Another academic declared that the killing of Bin Laden was good for the
prospects of the US economy. Wow! So the budget deficit and the bankrupt
Social Security system were all due to the wicked Osama, huh? Like with a
magic wand, the deficit is going to disappear and the unemployed will all
find jobs.

Though it has nothing to do with the subject, except to signal the level
of competence of the security services in Anglo-Saxon countries, a
headless corpse was fished out of an English river recently. The press
gathered and asked the senior police officer about more details. Sorry, he
replied, he could not confirm the person was dead until he had been
examined by a doctor. Just shows that you do not nned a brain after all.
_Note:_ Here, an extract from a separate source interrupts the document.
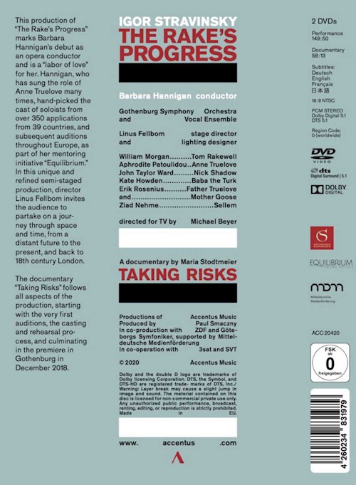 In dieser Produktion von „The Rake's Progress“ gibt Barbara Hannigan ihr Debüt als Operndirigentin . Das Projekt ist für sie eine Herzensangelegenheit: Hannigan, die die Rolle der Anne Truelove selbst viele Male gesungen hat, hat im Rahmen ihrer Mentoring-Initiative „Equilibrium“ aus über 350 Bewerbungen aus 39 Ländern und anschließenden Vorsingen in ganz Europa die Solistenbesetzung handverlesen. In dieser einzigartigen und raffinierten halbszenischen Inszenierung lädt der Regisseur Linus Fellbom das Publikum zu einer Reise durch Raum und Zeit ein, von einer fernen Zukunft in die Gegenwart und zurück ins London des 18. Jahrhunderts.

FREEDOM OF EXPRESSION Though it was unplanned, I am proud that the day
of my birthday was chosen as the yearly celebration of International Press
Freedom Day. I shall continue to live up to the honour whenever I feel
like it, and that despite of the fact that me and my family have been
under undescribable pressure to make our lives hell. It takes more than
that to stop Armenians, but if something happens to me, do suspect foul
play.

Thursday, April 21, 2011

A BASKET FULL OF CHILEAN EASTER EGGS - Otherwise known as Huevadas


“It was the first thing that shocked me about Chile: people only work
because they have to, for the money. Nobody really sought success, or was
passionate about what they were doing. If they find elsewhere a job that
pays the same money for less work, they leave.”

Yoel Gutierrez, Cuban-born trainer of Chile’s Olympic athletes

The unworthy and ungrateful readership of my deceased Chilean weeklies
supposedly enjoyed the Huevada de la Semana, which has also stopped.
However, as we are leading up to the Crucifixion of Our Lord later this
week, I thought I would crucify a few Chileans (though I fear it will not
save the world), and include some foreigners in the process too.

ECONOMIC HUEVADAS Because Chile is the only country in the world where
every aspect of life is ordered by economists (or the Church), what they
say is always headline news, and God knows they talk a lot, both in and
out of government. Among very fierce competition, the winner of the Golden
Egg competition is unanimously named as Central Bank president José de
Gregorio. Of course, he did not comment about the OECD report pointing out
Chile as having the most unequal education system among members, nor that
Chilean adolescents were the region’s second highest cosumers of cocaine,
but 90 % of them does not have even a basic working knowledge of English,
hardly surprising when in a voluntary testing of 11,000 public sector
teachers, 36 % were found as incompetent. There is no explanation as to
why the sale of cigarettes was up 13.3 % in the first quarter of 2011
either.

Here is a non-comprehensive selection of declarations made by the laureate
since the beginning of the year:

-“We shall not submit monetary policy to exchange rate considerations”
-“ We are surprised by the high level of consumer interest rates”. This is
a perennial discovery, as if all astronomers died every few years and
their successors “rediscover” Halley’s Comet. Finance ministers and
Central bank presidents beat their breasts from time to time as to why
with inflation and Central Bank intervention rates at around 5 %, stores
charge from 30 to 150 % to customers. In a country where they cannot even
calculate compound interest !
-“The intervention of the dollar was not meant to push it up, only to
relieve (sic) tensions”. Have you tried masturbation instead?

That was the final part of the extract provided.